Chwilę zwątpienia przeżyli we wtorek kierowcy, którzy chcieli zatankować na stacji benzynowej w South Plainfield w New Jersey. Ceny benzyny tego dnia mogły zwalić z nóg najbardziej spokojną i opanowaną osobę. Otóż za galon regularnego paliwa trzeba było zapłacić 8,99 dolarów, natomiast za premium 9,49 dolarów płatne gotówką i 9,59 dolarów, jeśli płatności dokonujemy kartą.
Jak podaje Fox News, właściciele stacji paliw podnosząc cenę paliwa do 8,99 dolarów chcieli zaprotestować przeciwko polityce cenowej, jaką wprowadziła firma macierzysta. Okazuje się bowiem, że ci, którzy mają zawartą umowę franczyzową z LukOil, nie mogą być konkurencyjni na rynku paliw. Firma „matka” wymusza na nich, aby paliwo na stacjach sygnowanych Several Lukoil kosztowało 0,20 centów więcej niż na innych stacjach paliw. – Gdy ktoś podjeżdża na stacją doradzam, aby spojrzał na cenę zanim przystąpimy do tankowania.

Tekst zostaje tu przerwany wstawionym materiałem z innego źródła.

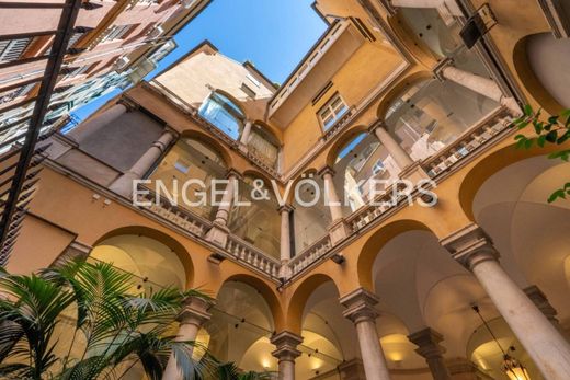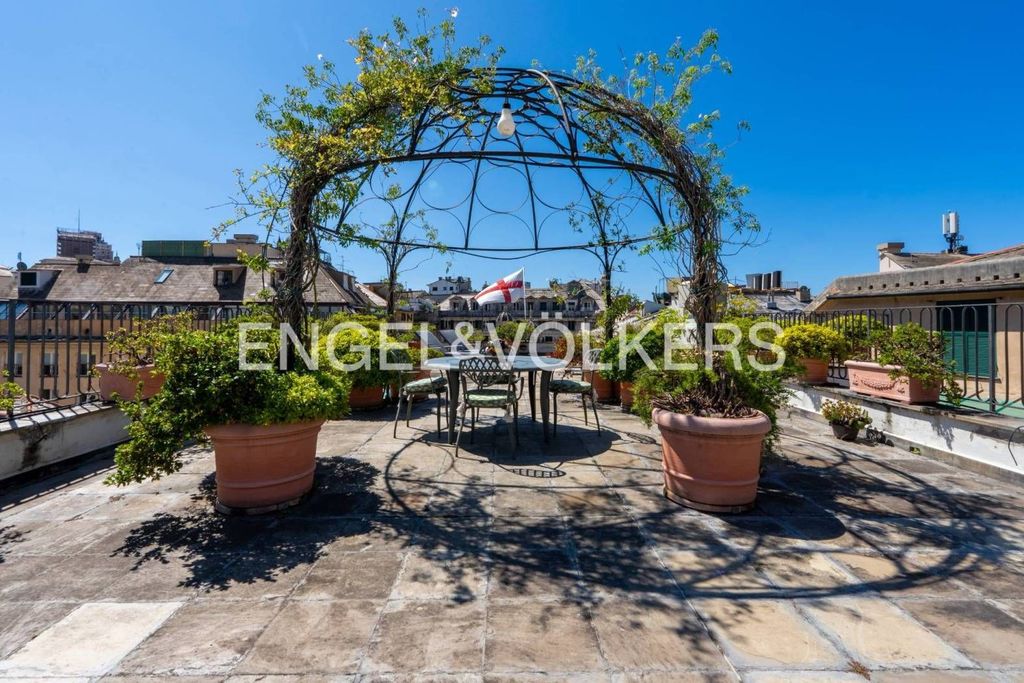 Il palazzo, costruito tra il 1569 e il 1572 per Ambrogio Di Negro, banchiere al servizio della Corona spagnola e doge della Repubblica di Genova, è oggi incluso tra i Palazzi dei Rolli, riconosciuti nel 2006 Patrimonio dell'Umanità dall’UNESCO. Le facciate esterne mostrano una quadratura affrescata e un basamento bugnato, secondo lo stile bramantesco che caratterizza molti palazzi nobiliari genovesi. L’ingresso all’immobile avviene attraverso un portale signorile, illuminato da eleganti lanterne in ferro battuto, che conduce a un loggiato preludio del vano scala. Da qui si innalza una scalinata monumentale in marmo; al piano, completamente privo di barriere architettoniche, si trova un moderno ascensore. Tutta questa eleganza prepara all’emozione del quinto piano, dove un appartamento di circa 400 metri quadrati unisce armoniosamente modernità e storia. La proprietà, ristrutturata con cura vent’anni fa, si presenta oggi in condizioni impeccabili, pronta ad accogliere chi vi entra con la sensazione di un luogo rigenerato e vissuto con amore. I pavimenti in marmo delle sale principali riflettono la luce naturale, creando un’atmosfera luminosa e ariosa. La zona giorno comprende un ampio salone con tripla esposizione, ideale per momenti di convivialità, mentre cucina e sala da pranzo, pur vicine, conservano una propria autonomia. Lo studio, impreziosito da boiserie in legno massello e librerie incassate lungo le pareti longitudinali, rappresenta un vero gioiello: perfetto sia per il lavoro sia per la lettura in assoluto relax. Le tre camere da letto principali sono valorizzate da un caldo parquet in rovere a spina di pesce, due delle quali con bagno en suite. La quarta camera, originariamente destinata al personale di servizio, dispone anch’essa di bagno privato e cabina armadio. Ogni ambiente gode di un affaccio unico: le 18 logge offrono viste su Piazza Banchi e sulle strade circostanti, regalando prospettive differenti del centro storico. Al piano superiore, una terrazza che ricorda un giardino pensile sorprende con la sua dimensione intima: un rooftop avvolto dal verde delle piante, da cui ammirare i tetti della Superba da un’angolazione rara e suggestiva. Non un semplice spazio esterno, ma un luogo di contemplazione e tranquillità in città. Questo appartamento custodisce con naturalezza la propria imponenza, ideale per quelle personalità che vogliono coniugare prestigio e comfort senza rinunciare alla bellezza della storicità.
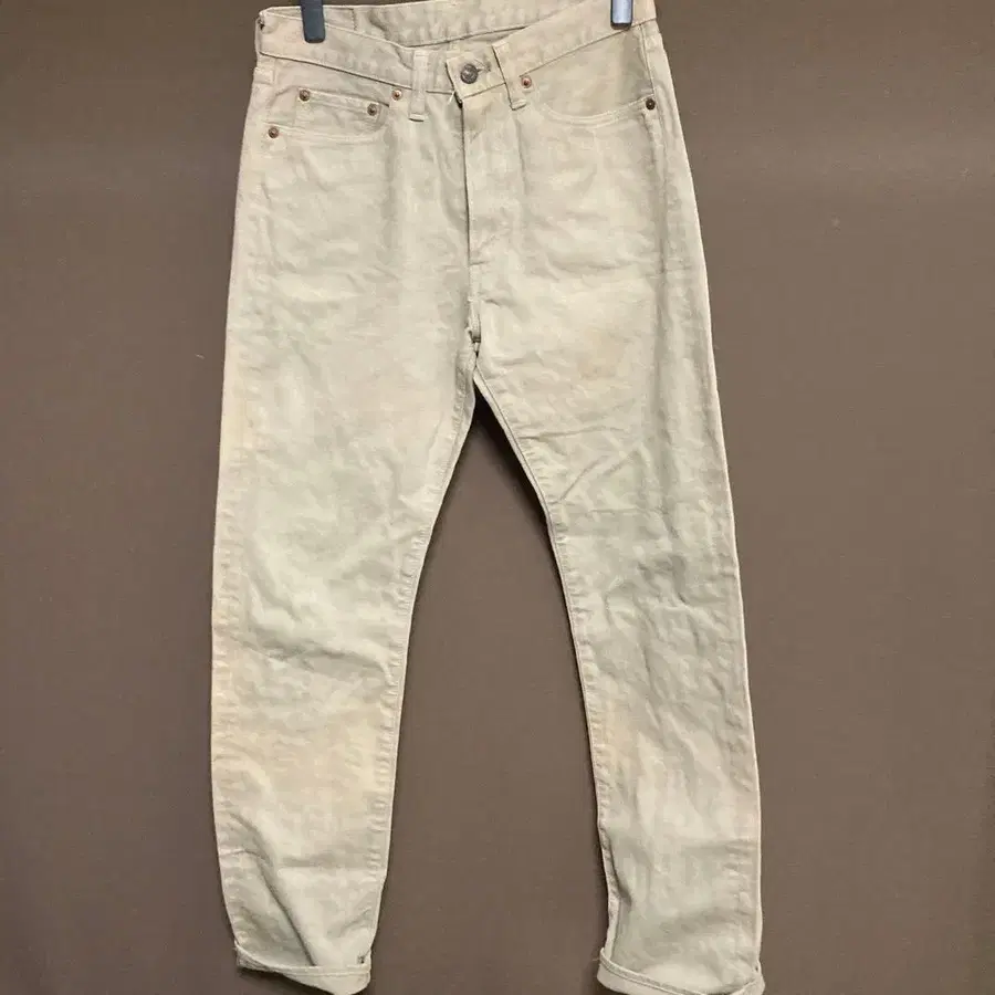 베이지 계열의 피케 팬츠 DENIME 제조.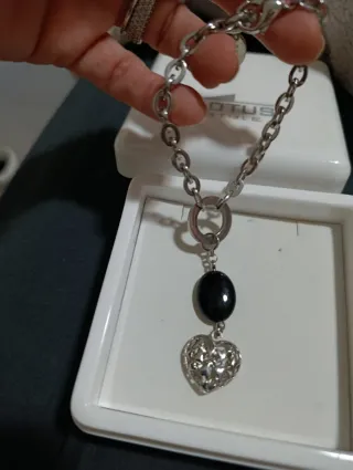 Elegante pulsera de la marca Lotus con detalles plateados y una piedra negra. - Diseño con eslabones. - Colgante de corazón calado. - Piedra ovalada negra.

Jeśli znajdzie się taki klient, który będzie chciał zapłacić tyle za paliwo zatankujemy – mówi pracownica stacji benzynowej South Plainfield w New Jersey. Całe szczęście, że naprzeciw stacji z bardzo drogim we wtorek paliwem znajdowała się konkurencja – tam galon paliwa kosztował 3,99 dolarów. Zgodnie z obowiązującym prawem właściciele stacji nie mogą zmieniać więcej niż raz w ciągu 24 godzin ceny paliwa, dlatego we wtorek należało omijać stacje sygnowane logiem LukOil.